26

I climbed the four flights up to the top of Wentworth and tried to figure out my plan. I would quickly shower, make myself look presentable, and then track down Kyle. It was a Sunday, so unless he was in Boston visiting Annie, he would probably be in his apartment or in the library grading papers or reading. Once I found him, I wasn’t exactly sure what I was going to say, but maybe I wouldn’t have to say much. I might just be able to get away with kissing him, at least as a conversation starter. The very thought of Kyle’s lips against mine made me happy and anxious at the same time. What if that wasn’t what he wanted anymore? I hoped I wasn’t too late.

I turned the key and opened my door, hearing a clang as the door hit something inside my foyer. I walked in and bent down, finding a clear square case on the floor. I picked it up and discovered it was a CD. What is this? Could it be … the CD? I glanced around, not knowing what to do.

I heard knocking on the window above the fire escape. I ran into the kitchen, CD in hand, and saw Kyle perched on the landing, bundled in his down jacket and wool hat. I unlatched the window and threw it open, grabbing his hand to pull him into the kitchen. We stood in my kitchen, staring at each other, cold air billowing into the room from the outside, until I finally held up the CD and searched Kyle’s face for the answer I hoped I would get.

“You know,” he said. “In case you’re still considering us.”

“Considering us—you say that a lot,” I said, swallowing hard, trying to keep my composure despite my shaking voice. “You say a lot of things a lot.”

Kyle reached behind him and shut my window. Then he put both of his hands on the sides of my face and looked into my eyes while gently stroking my cheekbones with his thumbs, almost like he was checking to make sure all of this was okay. We had been through so much, and maybe now the time was right. I placed the CD case on the kitchen counter and wrapped my arms around his waist. “It’s not too late for us, right?” I asked.

“It’s not too late,” he said, and finally, after all our mishaps and mixed connections, we kissed. It wasn’t the kiss of two young adults who barely knew each other from almost sixteen years earlier or the confused kiss by the pond that had been interrupted by Ryland’s students earlier in the fall. It was soft and deep and slow. It was everything I had been hoping for once I realized this was exactly what I wanted. Kyle was the one.

“I have a question,” I whispered, pulling back slowly. “How did you get the CD? I thought it was in Connecticut at your parents’ house.”

“It was,” he said, pushing me gently against the kitchen counter and sliding his hands around to my lower back. He was still wearing his jacket. I would have to do something about that. “I drove down there after I talked to you last night.”

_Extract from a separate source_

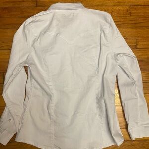 Crisp white shirt with button-up front. Features chest pockets and a classic collar.

“You drove to Connecticut after midnight,” I said. “Let me help you take off the jacket.” I unzipped it and slid it off his shoulders.

“You can remove anything you’d like, Dev,” he said. “Yes, I got there at around three-thirty in the morning. I decided not to scare the shit out of them, so I slept in my car in front of their house, which seemed like a reasonable plan at the time, until that scared the shit out of their next-door neighbor, who called the police. So, I was awoken at five by a Mystic police officer and my mother in her bathrobe.”

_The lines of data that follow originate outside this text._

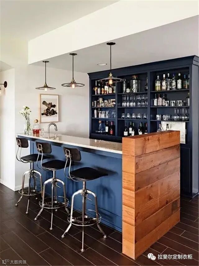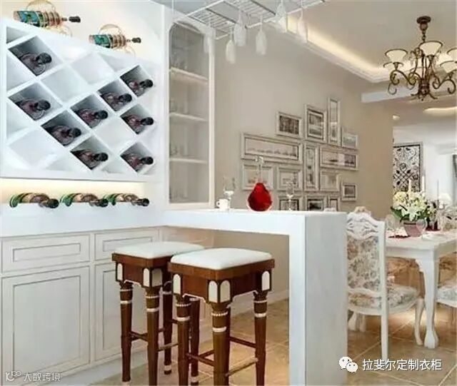 3、最后,吧台连带着酒柜一体化设计,新颖独特,极富时尚感。
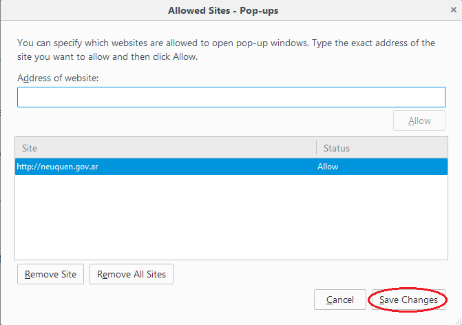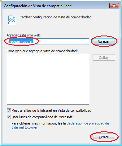 Agregar el sitio "neuquen.gov.ar". Cerrar la ventana para guardar los cambios.
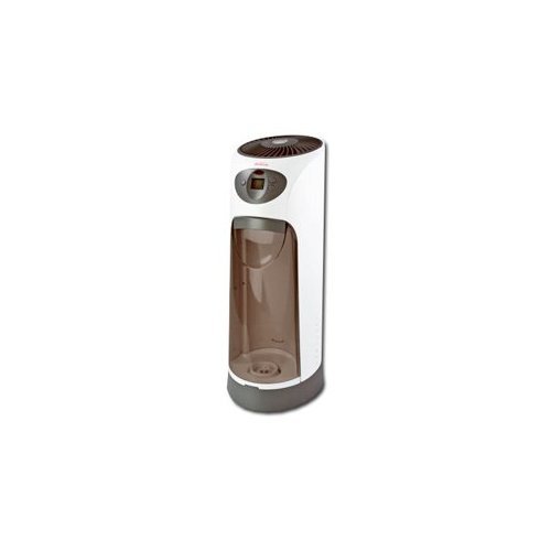 It’s big and it’s boxy, but this humidifier is designed to humidify an entire house--up to 2,300 square feet. Using an evaporative system and unheated, natural, evaporated water, it requires less energy than warm mist or steam units. You also won’t have to deal with white dust, spray, or mist on furniture or floors. Other benefits of the evaporative system include: relief from symptoms of dry skin, itchy eyes, chapped lips, and scratchy throat; it prevents plants and furniture from becoming overly dry; and reduced static electricity protects computers and electronics. This humidifier’s water bottles disperse up to 11 gallons of water per day, refilling easily and neatly in the sink via an included hose. Cleaning the rest of the appliance is just as simple: the power unit lifts off the top of the humidifier for easy cleaning and servicing, while the evaporative wick, which filters out mineral deposits, also lifts out for replacing. This humidifier also offers air cleaning capabilities and includes a two-stage replaceable filter to remove pollen, dust, smoke, and other odor-causing particles from the air. Controls are hidden behind a panel on the top of the unit. Select a preferred humidity from the humidistat dial, and this model will automatically turn itself on and off to maintain the chosen humidity level. In addition, this humidifier’s fan offers variable speeds, including a quieter setting for nighttime operation. This humidifier measures 29-5/8 by 14-7/8 by 25-3/8 inches, and comes in a fake cherry wood finish to disguise it as a console table. Bemis covers this unit under a one-year limited warranty.

I cracked up. “That’s ridiculous.”

“It was. And then I had to explain that I was there to dig through some bins for a CD and would be leaving immediately after I found it. My parents were really worried about me after Cora left, but now I think they’ve given up completely on any hopes for normalcy.”

“And you found it.”

“Normalcy? I’m working on that.”

“No, I mean the CD.”

“Yeah, I got scared I wouldn’t, but here it is. I listened to it in the car on the way back up here. Good thing my car is old and still has a player in it.”

“The Jeep still has one, too. I haven’t used it in years.” I picked the case up again. “I want to listen to it.” Kyle kissed me again, this time with more urgency, and I felt the blood rush through my body. “We can go listen to it later in the car. Plenty of other things we can do before then,” I said, feeling his body against mine.

“What do you want to do?” he murmured, and I knew what I had to say.

“I really need a shower,” I said. “I’m sure I just killed the mood or something, but I have been traveling for so long. It was like something out of Planes, Trains, and Automobiles. ”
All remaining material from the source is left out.